* Dataset content:
- Opening Delimiter -

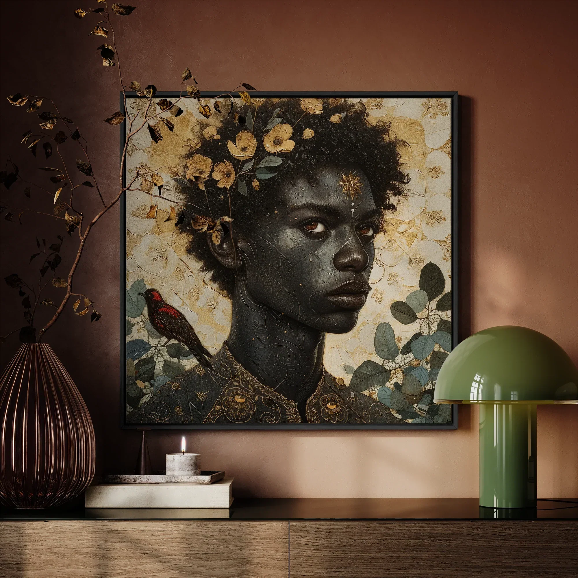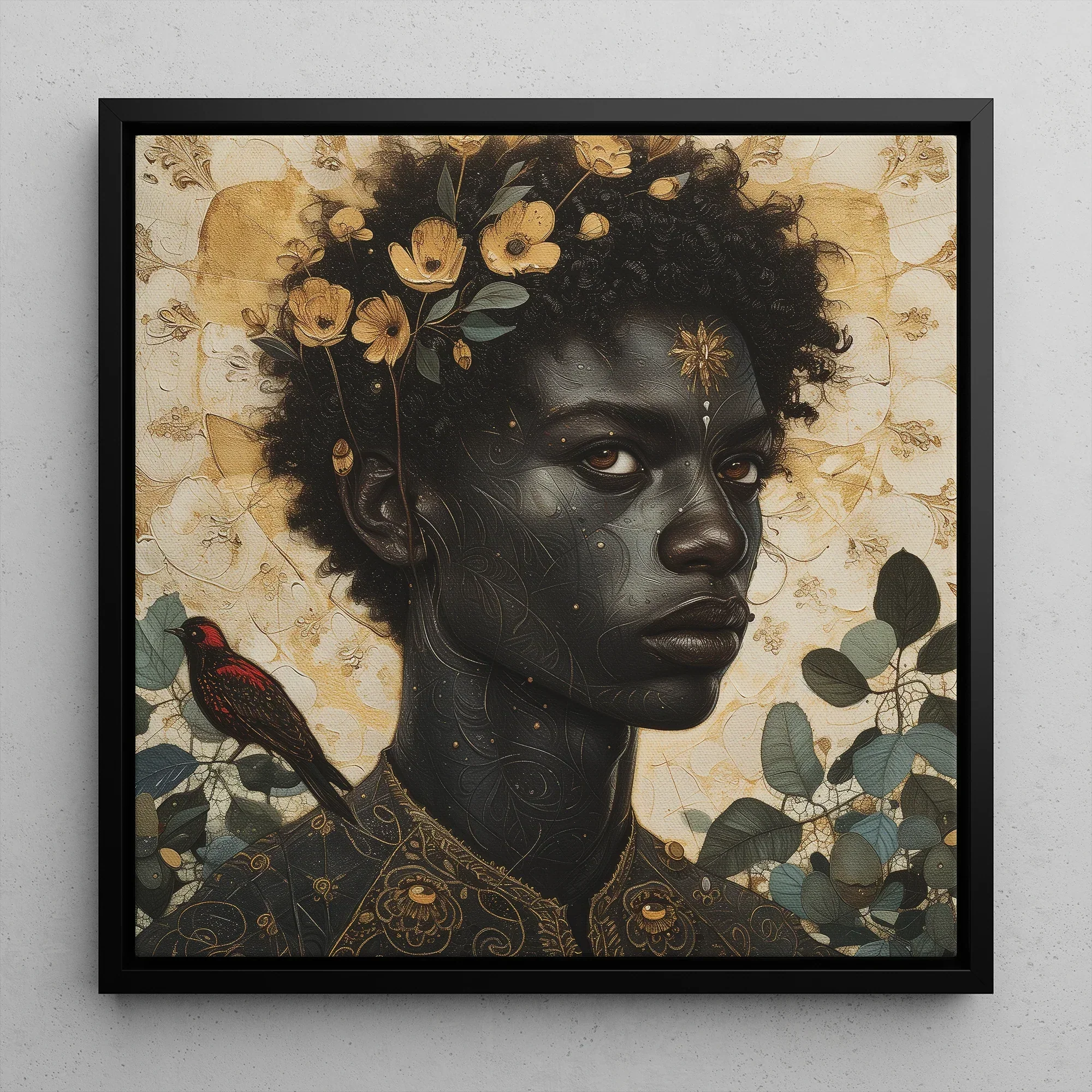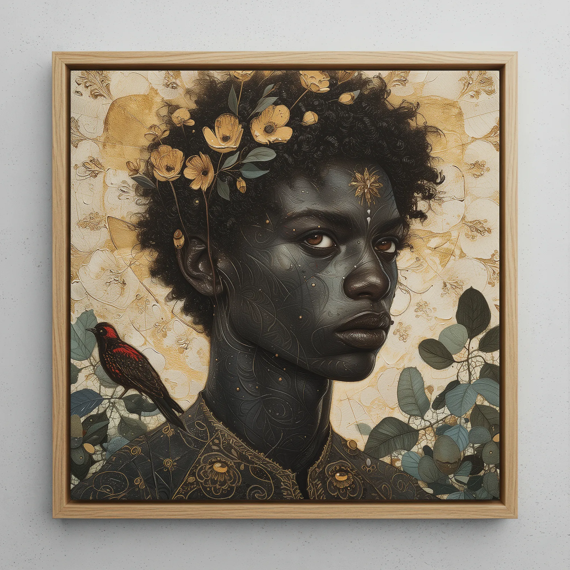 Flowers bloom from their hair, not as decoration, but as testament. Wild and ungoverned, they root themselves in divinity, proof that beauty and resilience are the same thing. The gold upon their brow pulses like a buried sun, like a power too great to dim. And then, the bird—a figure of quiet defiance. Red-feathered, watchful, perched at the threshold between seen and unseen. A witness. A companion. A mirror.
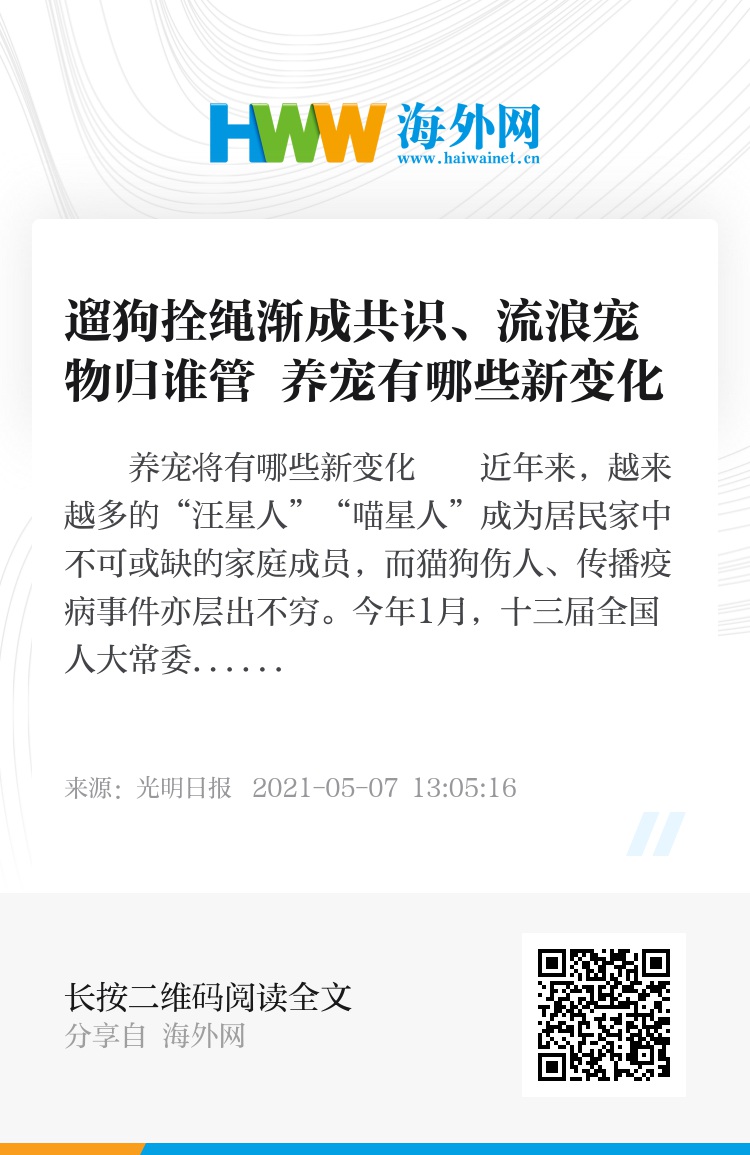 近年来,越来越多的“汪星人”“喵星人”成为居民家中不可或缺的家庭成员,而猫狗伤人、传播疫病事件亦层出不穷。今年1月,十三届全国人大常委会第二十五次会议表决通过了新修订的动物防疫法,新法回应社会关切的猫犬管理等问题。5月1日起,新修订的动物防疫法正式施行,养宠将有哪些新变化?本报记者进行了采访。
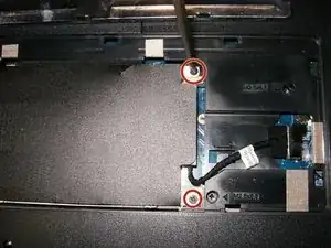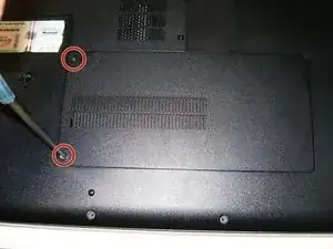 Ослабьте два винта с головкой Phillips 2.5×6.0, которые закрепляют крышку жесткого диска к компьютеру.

- Closing Delimiter -

* What you will do: Write out all the material above exactly, with no image carried over.

* Problem solution:
 Flowers bloom from their hair, not as decoration, but as testament. Wild and ungoverned, they root themselves in divinity, proof that beauty and resilience are the same thing. The gold upon their brow pulses like a buried sun, like a power too great to dim. And then, the bird—a figure of quiet defiance. Red-feathered, watchful, perched at the threshold between seen and unseen. A witness. A companion. A mirror.
 近年来,越来越多的“汪星人”“喵星人”成为居民家中不可或缺的家庭成员,而猫狗伤人、传播疫病事件亦层出不穷。今年1月,十三届全国人大常委会第二十五次会议表决通过了新修订的动物防疫法,新法回应社会关切的猫犬管理等问题。5月1日起,新修订的动物防疫法正式施行,养宠将有哪些新变化?本报记者进行了采访。
 Ослабьте два винта с головкой Phillips 2.5×6.0, которые закрепляют крышку жесткого диска к компьютеру.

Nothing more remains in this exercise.